Sunday, October 28, 2007

Rational Search

We all know the number guessing game. I think of an integer between 1 and n, and you try to guess it by comparison queries, "is it larger than x?". Binary search takes ceiling(log2 n) queries, which is of course optimal.

But what if I think of a rational number a/b , with 0<a<b<n? Can you still guess it with a few comparison queries? Take a few seconds to show that you can guess it with 2log2 n + O(1) queries, and that's optimal. (It's a 1-line proof.)

x
x
x
x
x
x
This space intentionally left blank.
x
x
x
x
x
x


Two fractions with denominators up to n cannot be closer than 1/n2. Thus, you binary search for k such that the number is in the interval [k/n2 , (k+1)/n2). This interval contains a single fraction, so you can just go through all fractions and find the one inside. On the lower-bound side, there are on the order of n2 fractions, so it takes at least 2log2 n - O(1) queries with binary output.

The moral of the story is, of course: be careful about the difference between actual running time and query complexity. But now let us show that you can actually find the unique fraction in the small interval with running time O(lg n). There are several papers doing this, including:

  • Christos Papadimitriou, Efficient search for rationals, IPL 1979.
  • Steven P. Reiss, Efficient search for rationals, IPL 1979
  • Stephen Kwek and Kurt Mehlhorn, Optimal Search for Rationals, IPL 2003.
Here, I'm going to describe a nice solution based on Farey fractions. The Farey sequence of order n is the sorted list of irreducible fractions a/b, with abn. For example, for n=4, we have 0/1, 1/4, 1/3, 1/2, 2/3 3/4, 1/1.

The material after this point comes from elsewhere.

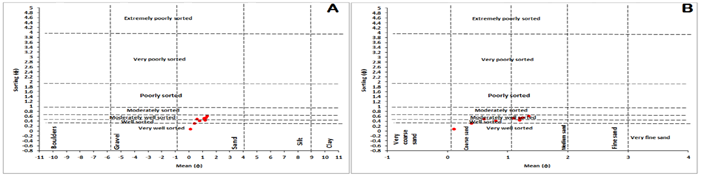 Figure-11. Bivariate plots: (A) Mean size vs. Skewness; (B) Sorting vs. Skewness, fields based on Blott and Kenneth [72]. (This study).

The really cool property of irreducible fractions is that if a/b and c/d are consecutive in some Farey sequence, then the "mediant" (a+b)/(c+d) is the first fraction that appears between them in a higher-order sequence. For example, the first fraction to appear between 1/2 and 2/3 will be 3/5.

With this property, we can construct the Stern-Brocot tree, which is an infinite tree exploring all fractions less than 1. The following picture from Wikipedia should explain everything:

The intuitive algorithm is to go down this tree, looking for our fraction. Unfortunately, fractions with small denominators can appear very deep in the tree -- for example, 1/n is at depth n-1. Thus, we get O(n) time.

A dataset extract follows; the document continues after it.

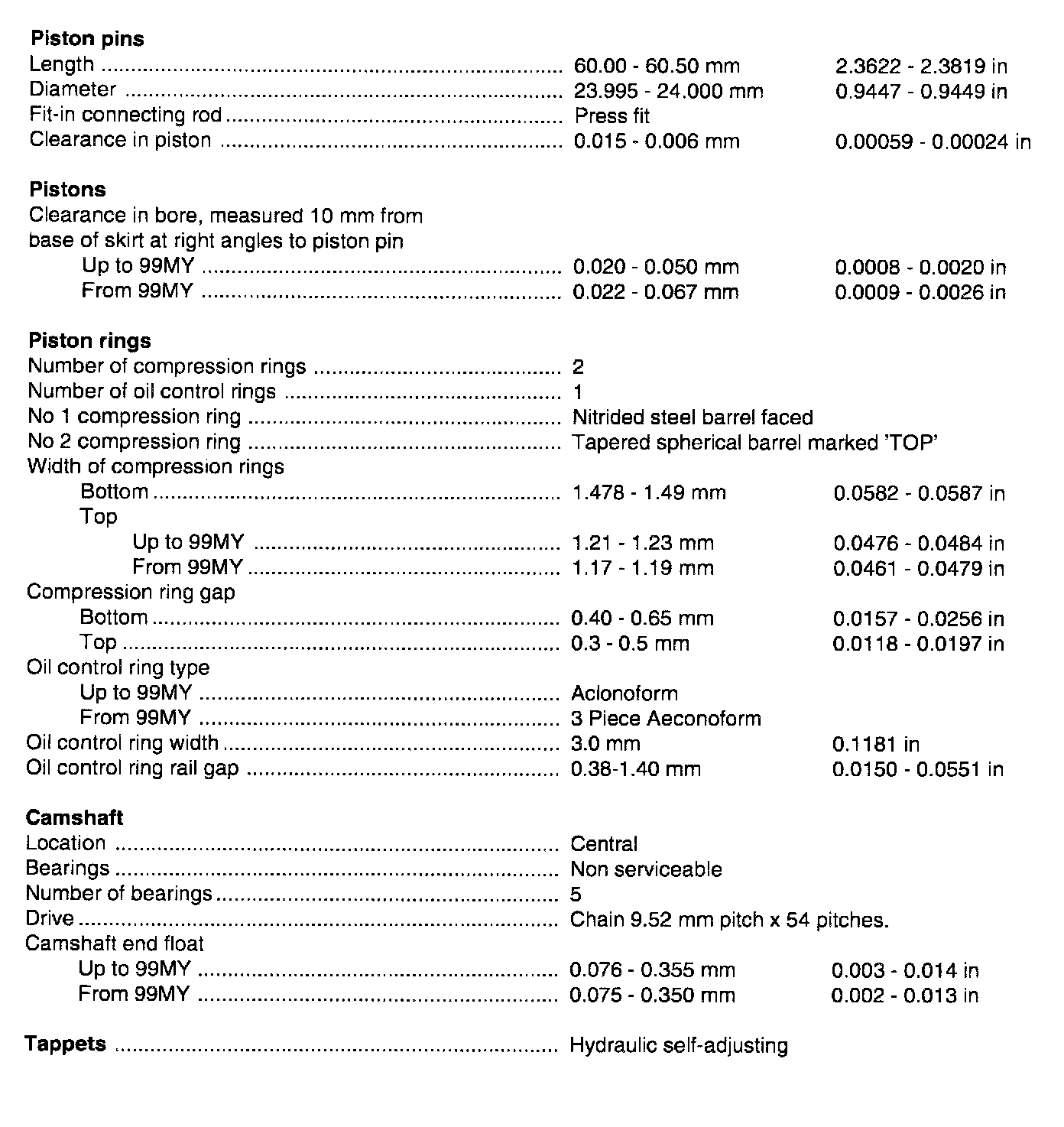 Engine Technical Specifications

To improve this, we first show that the number of "turns" of the exploration is at most O(lg n). By turn, I mean switching from a going down on left children, to going down on right children (note that the 1/n example above had zero turns). Looking at the tree, it is easy to see that a turn essentially doubles denominators, so the property is easy to show.

Now we have to explore the straight descents efficiently. Let's say the fraction falls between a/b and c/d, and we take t steps to the left. This will land us at precisely (ta+b)/(tc+d). We can solve this equation for t, and find the minimum value which makes the fraction less than the target interval. Thus, we can calculate the number of consecutive left steps in constant time.

If we're too lazy to solve the equation, we can binary-search for t. Here we use galopping binary search, i.e. we take time O(lg t) to guess the unknown t.

Surprisingly, this will not give O(lg2n) time in total, but still takes O(lg n) time. This follows because the sum of the lg t values traces the number of times the denominator doubles, and it can only double O(lg n) times.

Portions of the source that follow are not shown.